Публика ахнула, Белевский-старший каким-то образом обратил это в шутку, а я настолько обомлел, что повелся. Мы хлопнули по рукам в присутствии арбитров — Семена Аркадьевича и того самого инженера-путейца.
— Смотрите, не подведите! — не упустил поддеть меня капитан, — Значит, в ближайшее время?
Вот чего я полез, а? Вроде в 1898 году, вроде где-то весной, но точно я не помню… да и бог весть как тут идут события, сам-то я наворотить не успел, но мой перенос вполне мог быть частью какой-нибудь большой встряски. Ладно, двум смертям не бывать.
— В пределах трех-четырех месяцев. Сперва морская фаза, потом сухопутная, потом оккупация. Ну а позже можно ожидать очередной революции в Колумбии с установлением проамериканского режима или, того проще, провозглашения независимости Панамы от Колумбии — мелкое государство будет нуждаться в защите, и тут добрый дядя Сэм, исключительно из-за приверженности идеалам свободы и демократии, поможет маленьким, а взамен попросит какую-нибудь мелочь, вроде бессрочного пользования зоной будущего канала.
***
До Спасской заставы я доехал на конке, а дальше по сложившейся привычке решил пройтись пешком, оттуда до Симоновой слободы, где меня ждали несколько дел, было километра три, полчаса скорым шагом.
Зубатовская ячейка на кожевенном заводе ждала лектора, на заводе Бари сделали пробные надоконные перемычки и… кульман. Когда я первый раз увидел чертежников в строительной конторе, я поразился, что они сидят за обычными столами, разве что с немного наклоненной поверхностью и работают обычными же линейками да угольниками. На весь чертежный зал не было ни единого кульмана! Оказалось, что этот привычный мне с молодости и такой удобный инструмент тут еще неизвестен! Я тогда объявил Шухову, что мной еще два года назад была подана заявка на патент и что производством должна заниматься немецкая фирма Франца Кульмана во Вильгельмсхафене, но пока суть да дело, чего бы нам самим не сделать себе такой на пробу? Принцип простейший, пантограф да угломерная головка, к которой прикреплены две взаимно перпендикулярные линейки… Шухов въехал сразу, несмотря на мой кривенький эскиз, в котором я попервоначалу забыл о противовесе, но через пару дней мы доработали чертежи и отдали в работу. А уже через неделю с завода сообщили, что было бы невредно посмотреть на то, что получается и подправить, если будет нужно.

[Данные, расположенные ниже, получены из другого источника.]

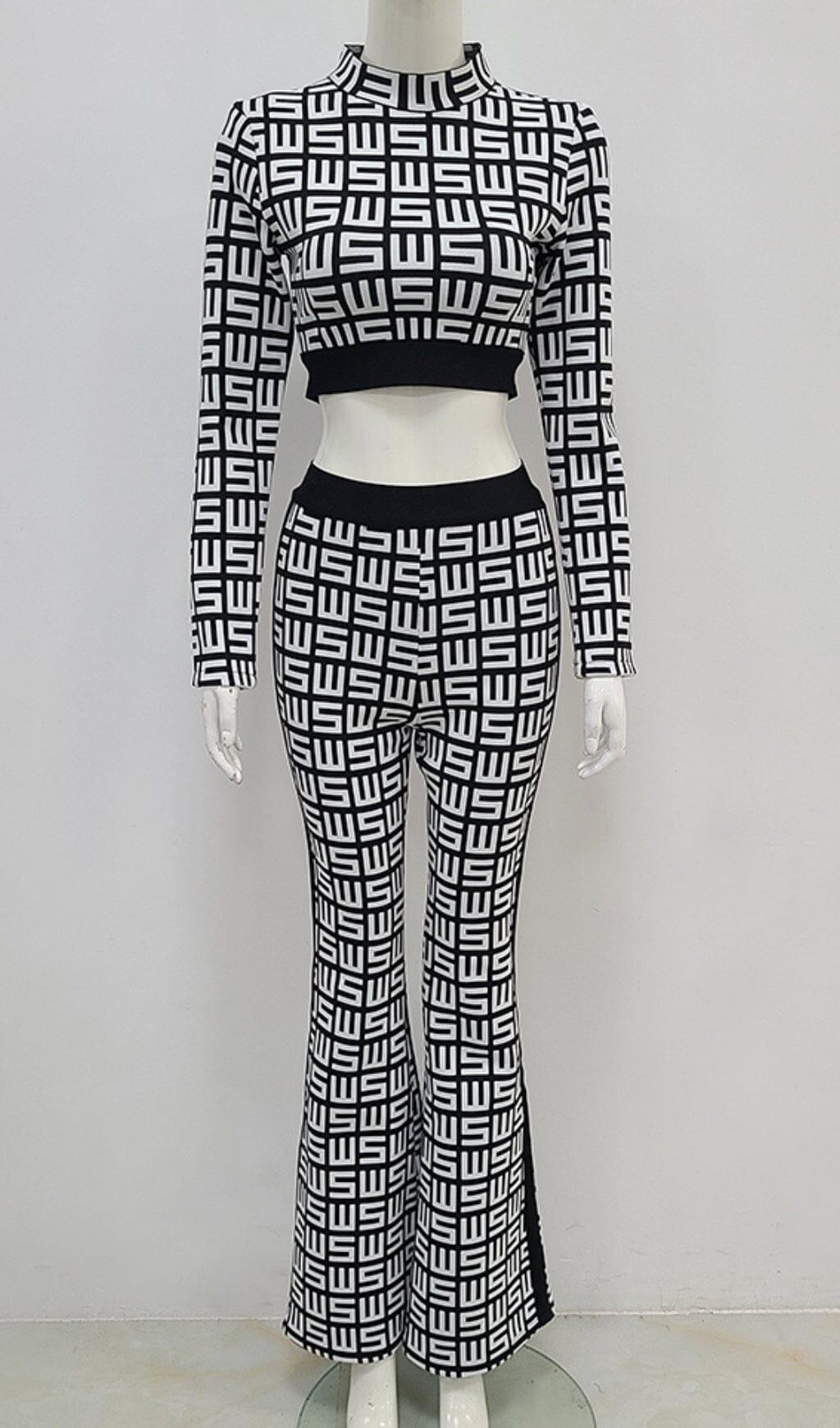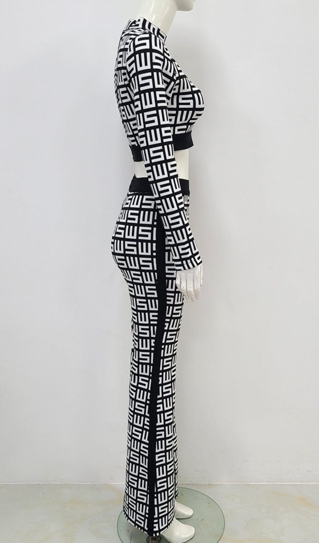 MONOGRAM PRINTED SHOULDER PAD SUIT IN WHITE AND BLACK

Дорога вела от заставы на юг, где-то справа была Москва-река, где-то слева, судя по сильному запаху — городские бойни. Шел я там, где в мое время был самый что ни на есть “центр города”, а сейчас здесь местный МКАД, Камер-Коллежский вал. Впрочем, “московские” домики с дощатыми заборами ничем не отличались от таких же патриархальных, но уже “замкадовских” строений. Теми же самыми были и заснеженные овражки, и крики петухов и домашней скотины. Большая деревня, вот точно — такие же домишки встречались по всей Москве, правда, в пределах бульваров их оставалось все меньше, да и живности в них держали разве что собак и кошек.
Ориентироваться приходилось больше по направлению улиц — если в центре уцелевшие до XXI века здания попадались чаще, то в этих краях почти ничего знакомого еще не построили, да и табличками с названиями улиц власти не злоупотребляли.
Ворота Крутицких казарм были распахнуты, за ними на плацу строились кавалеристы, вернее, жандармы — уж больно характерные султаны торчали над полицейскими шапками. В холодном воздухе были слышны неразборчивые команды, топали копыта, всхрапывали кони, лязгали ножны о пряжки сбруи и над людьми и лошадьми поднимался пар.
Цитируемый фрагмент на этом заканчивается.